Since the difference under transposition is divisible by b-1, this follows by the fact that the symmetric group is generated by transpositions. In fact, it’s even generated by adjacent transpositions.
Or, alternatively, by the fact that b[sup]n[/sup]-b[sup]m[/sup] is always divisible by b-1 for any two distinct positive integers n and m, n>m:
b[sup]n[/sup]-b[sup]m[/sup] = (b-1) (b[sup]m[/sup]) (b[sup]n-m-1[/sup] + b[sup]n-m-2[/sup]+…+b+1)
So 10000-10, 1000000-10000, 1000-100, what-have-you are all divisible by 9.

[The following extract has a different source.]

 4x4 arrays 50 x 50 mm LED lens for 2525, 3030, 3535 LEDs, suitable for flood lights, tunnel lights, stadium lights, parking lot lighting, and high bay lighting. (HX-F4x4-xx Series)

Yes, that’s what I said in my earlier post. To get to what erislover said, you need the fact that these transpositions generate the group of all permutations.
[looks closer]
[smacks self on forehead]
You’re absolutely right. Carry on.
So for any base n other than 10, the same kind of interesting math occurs for multiples of n-1?
Divisors, not multiples.
Yeah, AHunter3, that’s right. For example, 1,000,000 (base 10) in base 8 is 3641100.
Add up the digits: 3+6+4+1+1=17 (base 8).

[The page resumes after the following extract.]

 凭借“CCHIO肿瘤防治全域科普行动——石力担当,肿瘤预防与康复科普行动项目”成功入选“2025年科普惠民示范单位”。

Add these digits: 1+7=10 (base 8).
And again: 1+0=1.
And so we know the remainder when 1,000,000 (base 10) is divided by 7 (=8-1) is 1.
I just saw ultrafilter’s post on preview, so to be clear: In base n, if you add up the digits of any multiple of (any divisor of) n-1, the result will also be a multiple of (any divisor of) n-1. If the number is not a multiple of (any divisor of) n-1, the sum of its digits will still have the same remainder when divided by a divisor of n-1 as the original number, as my example shows.
John Lennon found the “Number nine, number nine” bit from the EMI tape vaults. It came from an old examination tape. The speaker said the number of each question before reading out the question. Lennon looped the bit where he said “Number nine.” It was said that Lennon had some fascination with the number nine. He went on to sing “#9 Dream.”
In Tantric lore, the number nine is associated with the Goddess, Shakti Devi.